:: AIM OF THE EXERCISE ::
Give again, word for word, only the lines of the material below from its first line through the one that holds "Description: Vintage Race"; pictures stay out.
====== STORED DATA
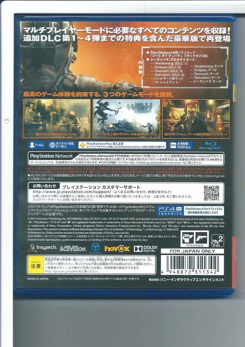 | ●JANコード4948872311342 t1! ☆PS4 コール オブ デューティ ブラックオプス III ゲーム オブ ザ イヤー エディション Value Selection 【CEROレーティング「Z」】 ●商品の状態 ソフトは使用感少なく状態良好ですが、ケースにスレ・イタミがあります。説明書がないのは仕様です。 ※付属ダウンロードコード・プロダクトコード類の保障はできません。予めご了承ください。 |
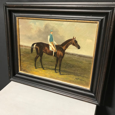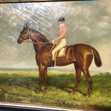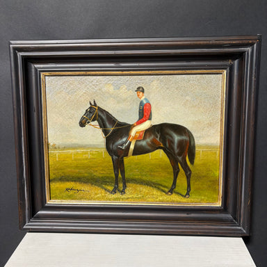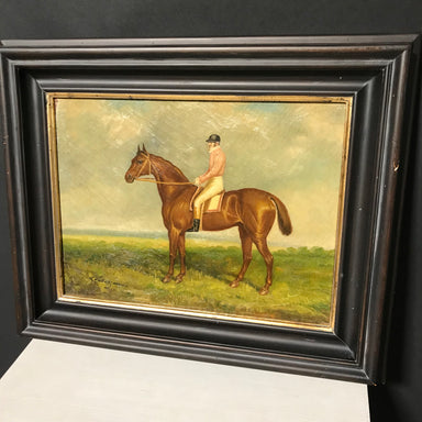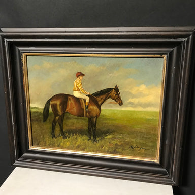 Description: Vintage Race Horse with Jockey Oil on Canvas Framed and Signed Wall Decor Condition: GreatDetails: Oil paint is crackling, wear consis...
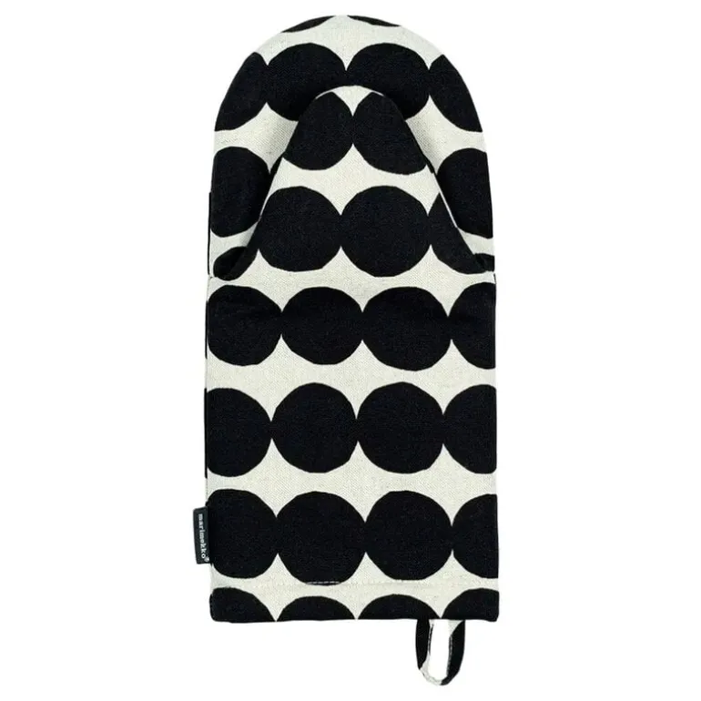 Marimekkos grytlapp Räsymatto bär Maija Louekaris vackra mönster som föreställer texturen hos en traditionell trasmatta, på ett förtjusande grafiskt sätt. Den vadderade grytlappen är tillverkad av delvis återvunnet bomulls- och linnetyg och har en praktisk ögla för upphängning. Fullända köksinredningen med andra textilier ur kollektionen Räsymatto.
============
:: EXERCISE OUTPUT ::
 | ●JANコード4948872311342 t1! ☆PS4 コール オブ デューティ ブラックオプス III ゲーム オブ ザ イヤー エディション Value Selection 【CEROレーティング「Z」】 ●商品の状態 ソフトは使用感少なく状態良好ですが、ケースにスレ・イタミがあります。説明書がないのは仕様です。 ※付属ダウンロードコード・プロダクトコード類の保障はできません。予めご了承ください。 |
 Description: Vintage Race Horse with Jockey Oil on Canvas Framed and Signed Wall Decor Condition: GreatDetails: Oil paint is crackling, wear consis...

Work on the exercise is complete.